DATA RECORDS:
BEGIN

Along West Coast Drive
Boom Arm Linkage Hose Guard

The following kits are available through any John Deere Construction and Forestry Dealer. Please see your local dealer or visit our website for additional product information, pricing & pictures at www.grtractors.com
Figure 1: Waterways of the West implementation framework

END
BEGIN

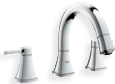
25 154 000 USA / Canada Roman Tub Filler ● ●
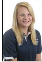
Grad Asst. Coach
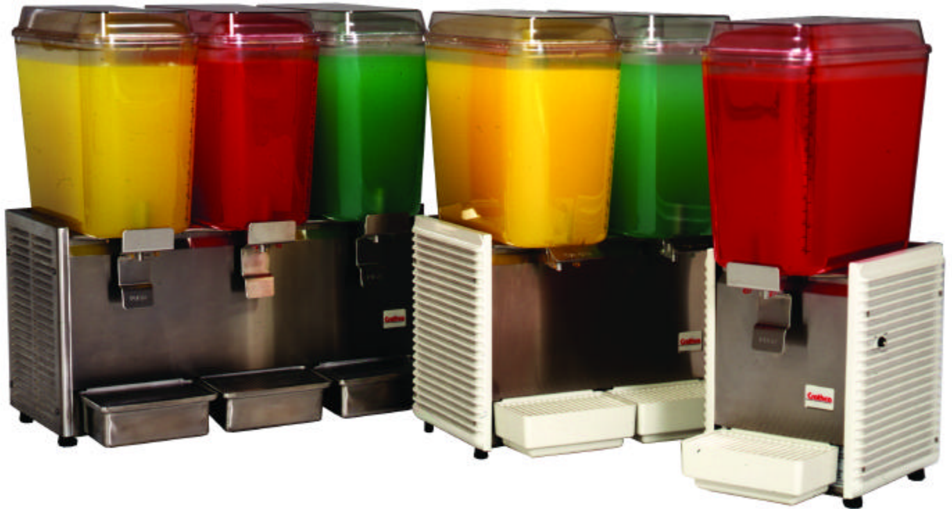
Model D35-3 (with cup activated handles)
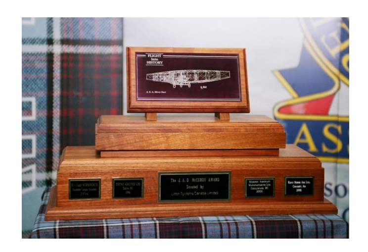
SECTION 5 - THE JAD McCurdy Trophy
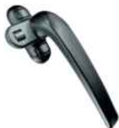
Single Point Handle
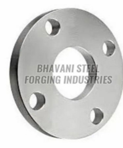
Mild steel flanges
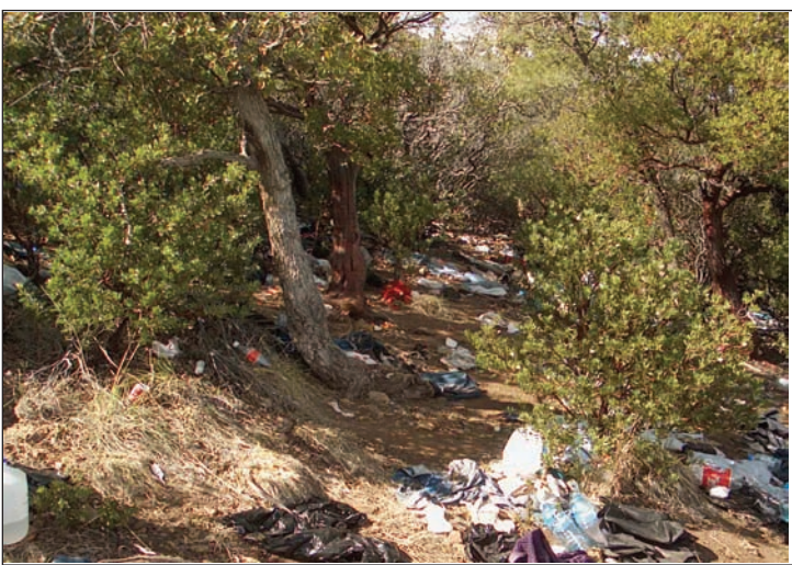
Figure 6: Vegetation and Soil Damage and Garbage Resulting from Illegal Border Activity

END
BEGIN

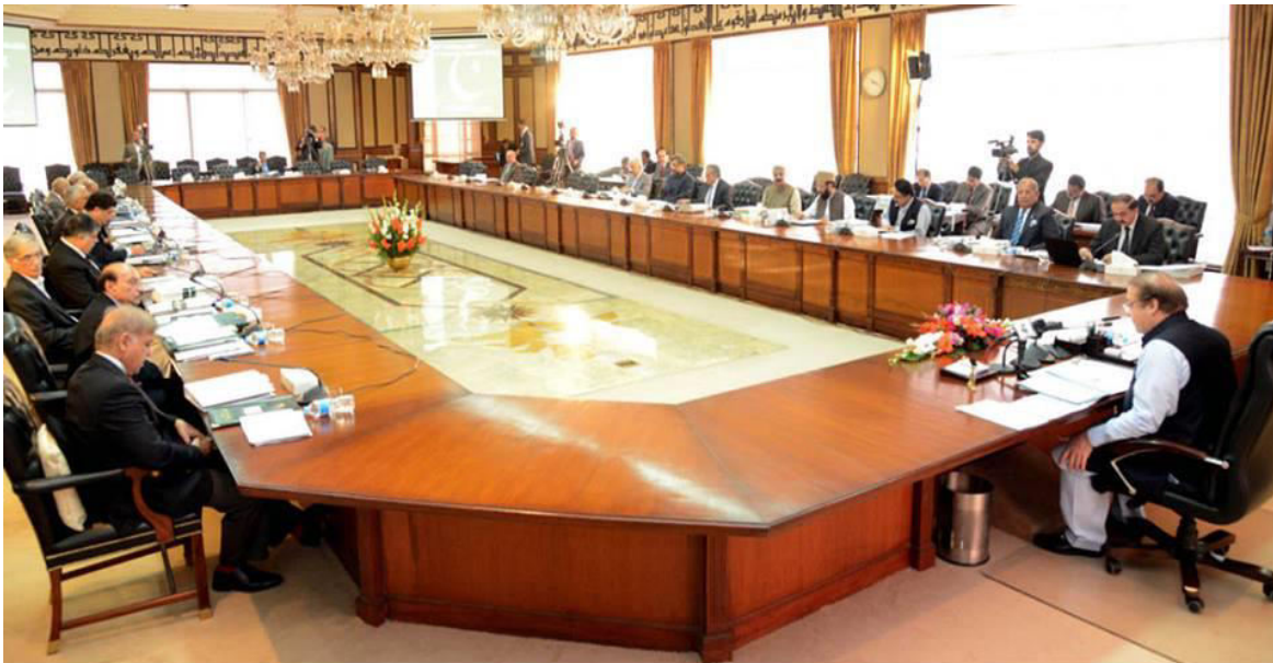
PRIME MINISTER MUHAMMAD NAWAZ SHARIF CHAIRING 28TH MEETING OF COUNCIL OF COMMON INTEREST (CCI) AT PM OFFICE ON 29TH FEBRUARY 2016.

END

WORK TASK:
Once you have found every line in the listing that holds the string "Figure", copy each of them.

RESULT FOR THIS TASK:
Figure 1: Waterways of the West implementation framework
Figure 6: Vegetation and Soil Damage and Garbage Resulting from Illegal Border Activity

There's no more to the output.